1. Course Overview (English)

The course is organized around a three-layer architecture:

Data storing system
Data processing system
Data application system

Each layer is described below together with the subcomponents and typical technologies.

1.1 Data storing system

1.1 Data collection and modeling
1.2 Distributed file system
1.3 Distributed database and data warehouse
1.4 Unified data access interface

1.2 Data processing system

2.1 Data analysis algorithms
2.2 Computing models
2.3 Computing engines and platforms (Spark, Hadoop, Dask, Ray)

1.3 Data application system

3.1 Big data visualization
3.2 Big data products and services
3.3 Big data applications (recommendation systems, social network analysis, etc.)

The theoretical part of the course explains the principles and algorithms used in these layers. For complex topics we selected high-quality explanatory videos and visual materials to help learners understand the underlying ideas intuitively.

2. Experiments (English)

Five major experimental modules are designed to develop practical engineering skills:

Dynamic web crawler
Spark MLlib learning and application
TensorFlow learning and application
Recommendation system understanding and construction
Social network analysis and visualization

For each module we provide a set of experiments that go from simple to advanced. Every experiment includes:

Experimental design and objectives
Step-by-step manual
Source code and sample data (where appropriate)
Expected outputs and suggestions for evaluation

The experiments train students to apply theoretical knowledge to realistic problems and to build reproducible pipelines.

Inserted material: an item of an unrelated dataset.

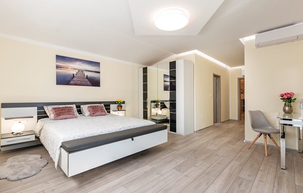 Träumen Sie davon, im exklusiven Ferienhaus aufzuwachen, umgeben von Natur und mediterranem Flair? Dann ist dieses erstklassige Domizil die richtige Wahl für Sie. Dieses eindrucksvolle Ferienhaus lässt absolut keine Wünsche offen. Egal ob großer Infinity-Pool mit separaten Kinderbecken, Aktivitätsraum mit Billard, Darts und Tischtennis sowie Wellnessraum mit Whirlpool für sechs Personen und finnischer Sauna, es ist alles vorhanden. Auch den kleinen Gästen wird in diesem Traumhaus nicht langweilig, denn hier sorgen Trampolin, Rutsche, Schaukel, PS4 und Bällchenpool für Spiel und Spaß. Die Innenräume sind voll klimatisiert und die Ausstattung wird auch die anspruchsvollsten Gäste zufrieden stellen. Die nächsten Strände befinden sich in den Orten Duga Uvala und Krnica. Empfehlenswert ist ein Besuch der Städte Pula, Medulin und Poreč.
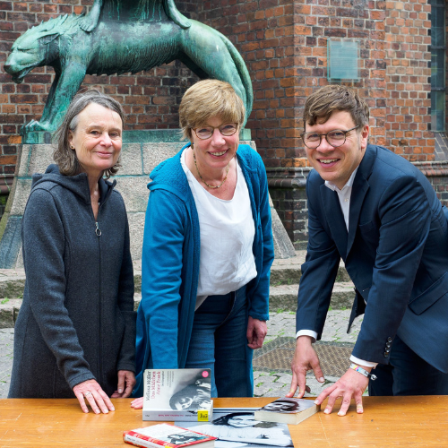 Der LBpB, die AKJS und die Offene Kirche St. Nikolai holen gemeinsam im Herbst 2025 die Ausstellung "Deine Anne. Ein Mädchen schreibt Geschichte" nach Kiel. v.l.n.r.: Kathrin Gomolzig (Aktion Kinder- und Jugendschutz SH, Koordinatorin der Ausstellung in Kiel), Pastorin Maren Schmidt (Offene Kirche St. Nikolai) und Dr. Christian Meyer-Heidemann (Landesbeauftragter für politische Bildung)

3. 教学目标与课程目标 (Chinese / 授课目标)

学习本课程后，学生应能够理解大数据分析的基本概念、理论与平台，并能在实验手册与代码示例的帮助下完成工程化的大数据应用开发。

4. 课程大纲 (Course Outline)

Below is a concise course outline translated to English plus Chinese key points for each lesson block.

Module: Big Data Introduction

Objective: Let students know what big data is and why it matters.

Contents:

1.1 Basic concept
1.2 Structured vs Unstructured data
1.3 The Fourth Paradigm
1.4 Big data characteristics
1.5 Big data lifecycle
1.6 Processing flow
1.7 Architecture

Module: Data Collection

Objective: Understand data sources and acquisition methods, including deep web and dynamic crawling.

Contents:

2.1 Data resources
2.2 Internal data acquisition
2.3 External data acquisition
2.4 Deep web and dynamic crawler

Module: Data Preprocessing

Objective: Learn cleaning, normalization, feature extraction, tokenization and data shaping for ML pipelines.

Contents include standard preprocessing workflows and hands-on exercises using Python tools.

5. Experiments: brief descriptions

Dynamic web crawler: building robust crawlers (selenium/requests/beautifulsoup), politeness, rate limiting, parsing JavaScript-driven sites, storing raw HTML / PDF / media.
Spark MLlib: classical ML algorithms at scale (regression, classification, clustering), feature pipelines and model evaluation.
TensorFlow: building and training neural networks, dataset APIs, TFRecord, and basic distributed training concepts.
Recommendation systems: collaborative filtering, content-based and hybrid methods, offline evaluation (Precision@K, NDCG), and demo pipelines.
Social network analysis and visualization: graph processing, centrality, community detection, and visualization with networkx / Gephi / plotting libraries.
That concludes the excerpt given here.